The first wave of Steam Controller orders is starting to reach buyers, turning Valve's fast-selling PC gamepad from a sold-out storefront listing into hardware that is actually landing on doorsteps.
According to buyer reports tracked by Game Rant, some early customers in California had already received the second-generation Steam Controller by May 6. Orders in at least 22 of the 32 countries where Valve officially sells the device had also cleared the packaging step, while buyers in 11 countries reported that their orders had been picked up by a carrier.
That makes this a small but useful temperature check on Valve's first new hardware launch of 2026. The Steam Controller went on sale through Steam on May 4, shortly after Valve confirmed the controller's release timing, then became difficult to buy almost immediately as stock flickered in and out of availability.

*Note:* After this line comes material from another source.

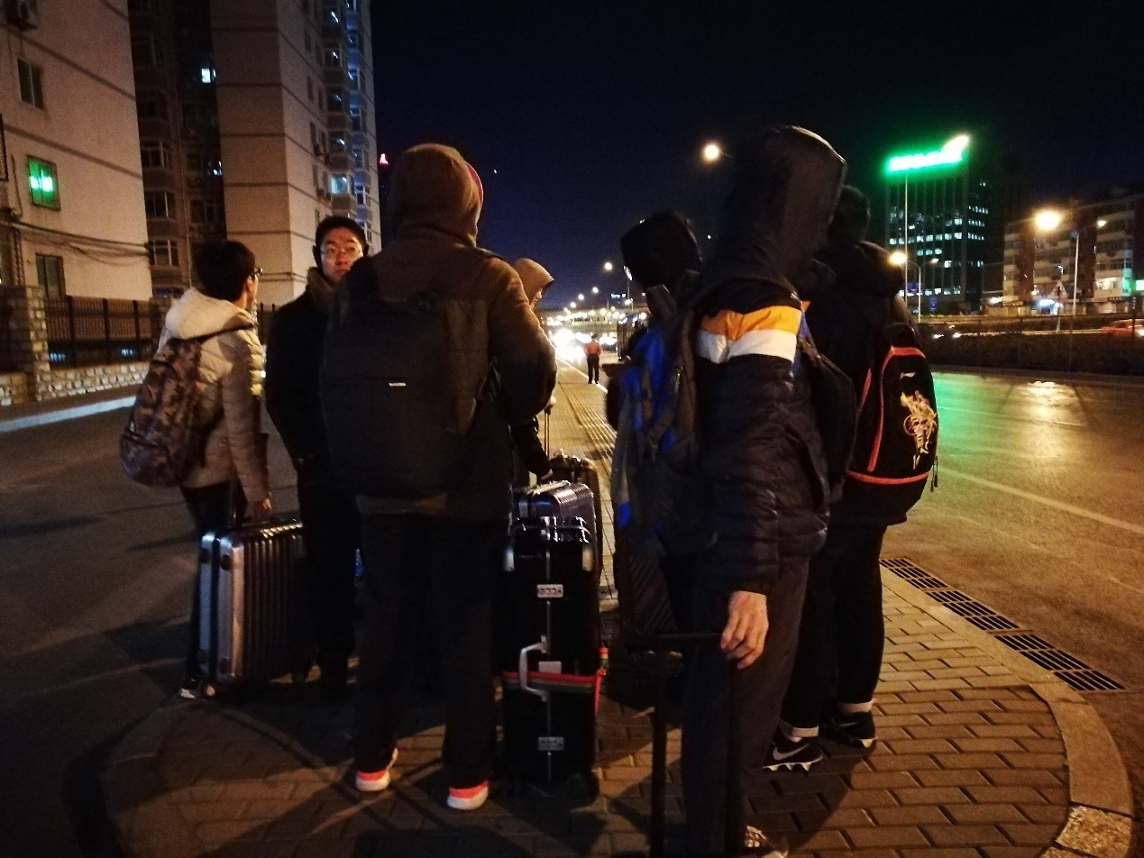 | 图 1 北京时间2017年2月4日晚员工们在北航北门等待机场大巴 |

Early Orders Are Moving, But Not Everywhere Yet
The early shipment reports are not evenly spread across every launch country. Game Rant's tally said buyers in the United States, Germany, Spain, Poland and Lithuania had seen their orders reach the tracking-number stage, suggesting those units were either in transit or close to being handed fully into the delivery network. Australia, Finland, Hungary, the Netherlands, Sweden and the United Kingdom were also among the countries with reports of orders picked up by carriers.

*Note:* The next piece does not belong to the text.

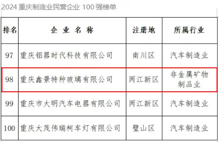 重慶制造業(yè)百強企業(yè)是地區(qū)制造企業(yè)的標桿和推動經(jīng)濟發(fā)展的中流砥柱,也是窺見制造業(yè)轉(zhuǎn)型發(fā)展的“風向標”。公司十余年堅持創(chuàng)新引領的發(fā)展道路,專注高端特種玻璃新材料領域的研發(fā)與應用,實現(xiàn)了關鍵技術突破,產(chǎn)品贏得了市場的青睞。

Other launch regions appear to be earlier in the process. Countries including Canada, France, Ireland, Italy and Portugal were listed as having packaged orders, while several supported countries had no reported packaged orders in the tracked sample at the time of publication. The picture is based on consumer reports rather than a country-by-country shipping statement from Valve, so it should be read as an early snapshot rather than a complete logistics map.

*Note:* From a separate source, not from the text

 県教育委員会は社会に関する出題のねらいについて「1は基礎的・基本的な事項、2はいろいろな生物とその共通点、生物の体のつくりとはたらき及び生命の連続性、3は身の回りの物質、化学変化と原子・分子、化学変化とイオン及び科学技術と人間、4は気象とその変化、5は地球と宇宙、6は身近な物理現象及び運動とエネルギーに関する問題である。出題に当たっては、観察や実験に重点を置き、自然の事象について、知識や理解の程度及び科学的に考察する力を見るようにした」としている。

The timing still lines up with Valve's original first-wave delivery estimates. Game Rant noted that launch orders were expected to arrive between May 7 and May 11 depending on region, which means the first California deliveries are early but not out of step with the broader window.
Valve's Hardware Launch Is Already in Its Second Phase
The shipment movement comes after the Steam Controller sold out quickly, with resale listings appearing soon after confirmed orders went through. Valve has since said it is working on more Steam Controller stock, but it has not announced a fresh ordering date.
That split creates two very different groups of Steam users. People who made it through the launch rush are now watching delivery statuses and tracking numbers, while everyone else is waiting for Valve's restock timeline. Launch-day orders were limited to two controllers per customer, but that did not stop some confirmed units from being listed at inflated resale prices.
The new Steam Controller is Valve's second dedicated PC gamepad, arriving more than a decade after the original model. It keeps the Steam-focused idea alive with a more modern layout built around trackpads, back buttons and PC couch play, which helps explain why the first batch drew so much attention.
For now, the confirmed movement is good news for early buyers. The rest of the story is still about supply: Valve has started getting the controller into customers' hands, but the next big update is when new buyers will be able to order one without chasing reseller listings.